When the Caldor Fire raced toward the southern shore of Lake Tahoe last year, its 100-foot (30-meter) flames spread across the tree canopy. Miles away, towns on the north shore took notice.
In response, three communities on the California-Nevada border are switching from the traditional fireworks show for the U.S. Independence Day holiday this July 4 to a drone light show, a growing trend across the United States that has overwhelmed drone companies.
"The conversation we had was: 'Is throwing lit objects up into the sky in the height of the fire season the best thing for us to do?'" said Andy Chapman, president of the Incline Village Crystal Bay Visitors Bureau, which coordinates the July 4 show for Incline Village, Nevada.

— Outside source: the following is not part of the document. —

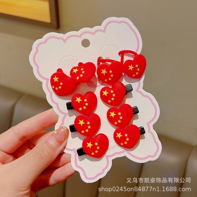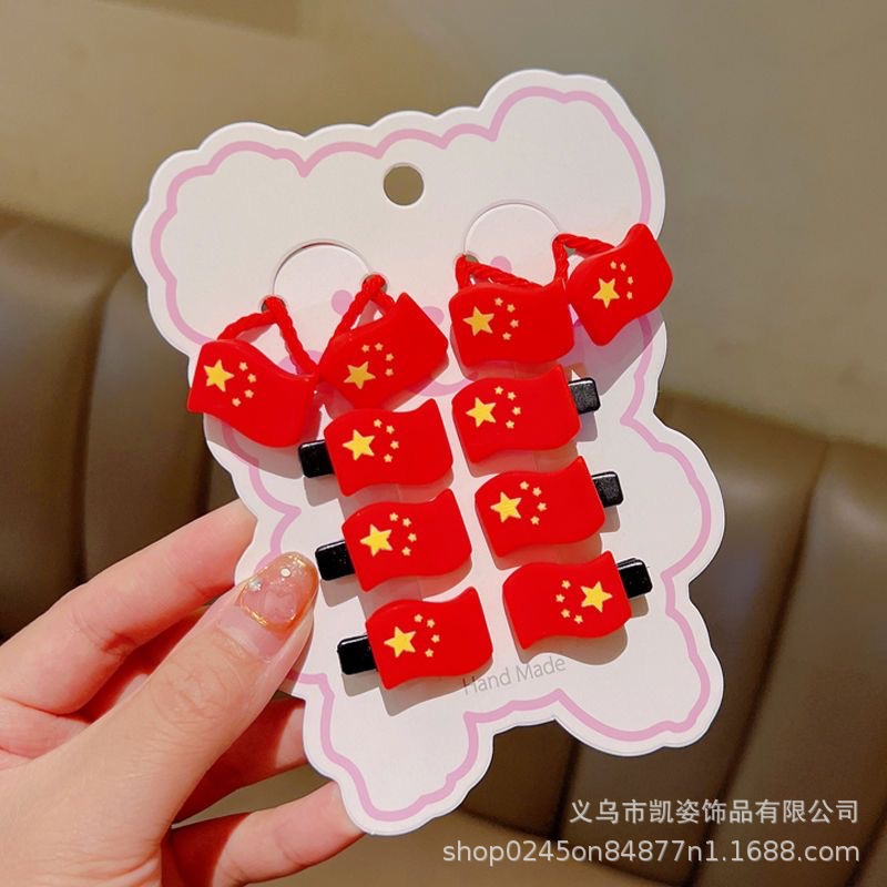 어린이 고무 밴드 헤어 타이 로프 귀여운 5 성급 붉은 깃발 머리핀 헤어 밴드 헤어 로프 어린 소녀 국경일 머리 장식

With Western states enduring a historic drought, some towns are rejecting fireworks as a wildfire risk, even though nearly all civic fireworks displays are safely monitored by firefighters.
Incline Village and the neighboring California towns of Kings Beach and Tahoe City switched to drones after the Caldor Fire burned for 69 days, scorching 221,835 acres, destroying 1,003 structures and forcing the evacuation of 50,000 people.
A typical drone show has no bombs bursting in air but dozens or hundreds of tiny lit flying machines executing maneuvers to music, forming improbable, multicolored and shifting designs suspended in the night sky.